Pas de surprise, The Pentagram, de sa pochette à ses morceaux continue le travail de prière consciente aux antiques Dieux de l’agression sombre. Distribué en 2018 par le label Hell Music, The Pentagram se voit donc offrir une seconde jeunesse par l’entremise des puristes de Hells Headbangers, trop heureux de contribuer une fois de plus à la gloire de ce groupe unique, sorte de tribute-band indirect qui préfère ses propres compositions aux originaux, compositions qui de toute façon correspondent en tous points aux dits originaux…Le syndrome du serpent qui se mord la queue, la quadrature du cercle, mais toujours cette envie de jouer en mi majeur pour que le public puisse facilement identifier et reproduire les riffs. D’ailleurs, ce nouvel album n’en est pas vraiment un tout en en étant un, puisque les chansons que l’on y trouve ont été composées sur une période de plus de dix ans, certaines datant de 2017 et d’autres de 2008, et il n’est alors guère étonnant de retrouver le groupe dans une de ses configurations les plus mythiques, celle de 2004/2007, avec le trio Leon Manssur "Necromaniac" à la guitare et au chant, Vinicius Canabarro "Hellpreacher" à la basse, et Pedro Moraes Rocha "Skullkrusher" à la batterie. Musicalement, la donne n’a pas changé, des attaques courtes et ténébreuses, qui reprennent tous les codes édictés à l’époque d’Apocalyptic Raids de HELLHAMMER, ces rythmiques qui cavalent modérément, mais assurément, ce chant qui geint comme les plaintes agressives de Tom Warrior, et cet esprit qui va à l’essentiel, épurant toutes les idées pour leur faire épouser des contours nets et barbares. De la gravité donc dans le fond, mais un esprit ludique dans la forme, et une sorte d’exutoire, une façon de faire revivre l’extrême des mid eighties avec foi et entrain, et surtout, la joie de retrouver des thèmes connus et éprouvés qui fonctionnent toujours plus ou moins.

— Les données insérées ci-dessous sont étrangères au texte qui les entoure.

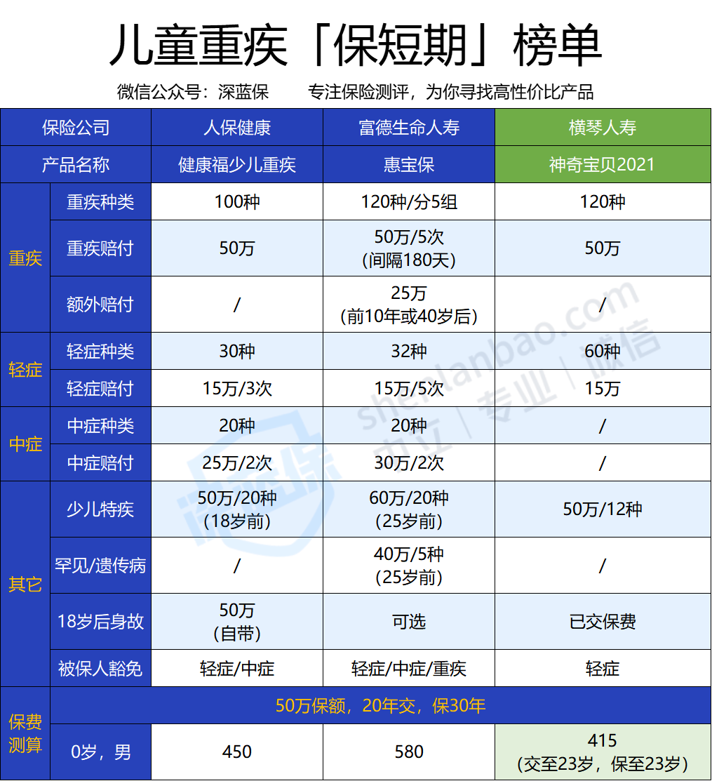 如果追求身故保障,深蓝君更建议大家补充一份定期寿险。给儿童购买,价格不贵,且即便患上重疾,日后也不会影响身故的赔付。
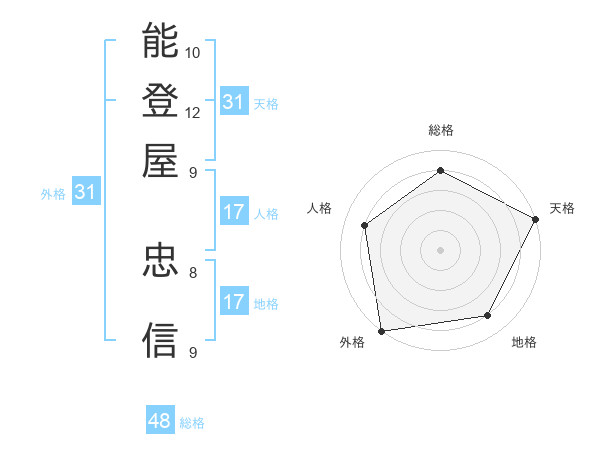 能登屋 忠信さんを姓名の画数から五運を鑑定

Certes, ne le cachons pas, si d’aventure un jour les APOKALYPTIC RAIDS s’éloignaient de leur route si bien tracée, la surprise n’en serait que plus agréable. Mais il convient de respecter leur choix, et c’est ainsi que « Necromaniac (Is Back) » célèbre le retour sur le devant de la scène underground de Necromaniac, leader de la formation depuis ses débuts et seul membre fondateur encore présent, imposant ce feedback menaçant en intro, avant de reprendre les choses exactement là ou Vol. 4 - Phonocopia les avaient laissées. Tout y est, pas ou presque d’ailleurs, puisque la méthode n’a pas changé, avec ce Blackened Thrash aux allures de souvenir remontant à la surface. Son qui semble daté au carbone 14, guitare qui ne cède toujours pas aux sirènes de la sophistication, textes complètement focalisés sur les mêmes obsessions morbides, et cheminement un peu trop logique pour que les évolutionnistes s’y intéressent de près. Mais ne le cachons pas, et même avec une bonne dose de EP publiés depuis 2010, The Pentagram nous procure la joie de retrouver ce groupe maudit en longue-durée, même si cette durée est occupée par des titres se ressemblant tous, et ressemblant aussi à leurs grands frères depuis 2001. Toujours aussi péremptoire, la grande gueule Leon Manssur a multiplié les déclarations promotionnelles tapageuses, affirmant mépriser les groupes visant « la maturité », et assurant à ses fans que la simplicité a encore été le leitmotiv de cette production. Pour lui, le mieux est l’ennemi du bien, et seule la sobriété a droit de cité, ce qu’on ressent évidemment à l’écoute de « Satan Laughs », qu’on aurait facilement pu trouver sur leur démo de 1999. Mais les quelques breaks inquiétants, quelques coupures un peu moins évidentes que la moyenne, et surtout, un final plus ambitieux que d’ordinaire permettent de se raccrocher à l’illusion de la nouveauté, et c’est avec plaisir que nous dégustons ces neuf hymnes à la débauche paillarde, traitées avec le plus grand des sérieux.    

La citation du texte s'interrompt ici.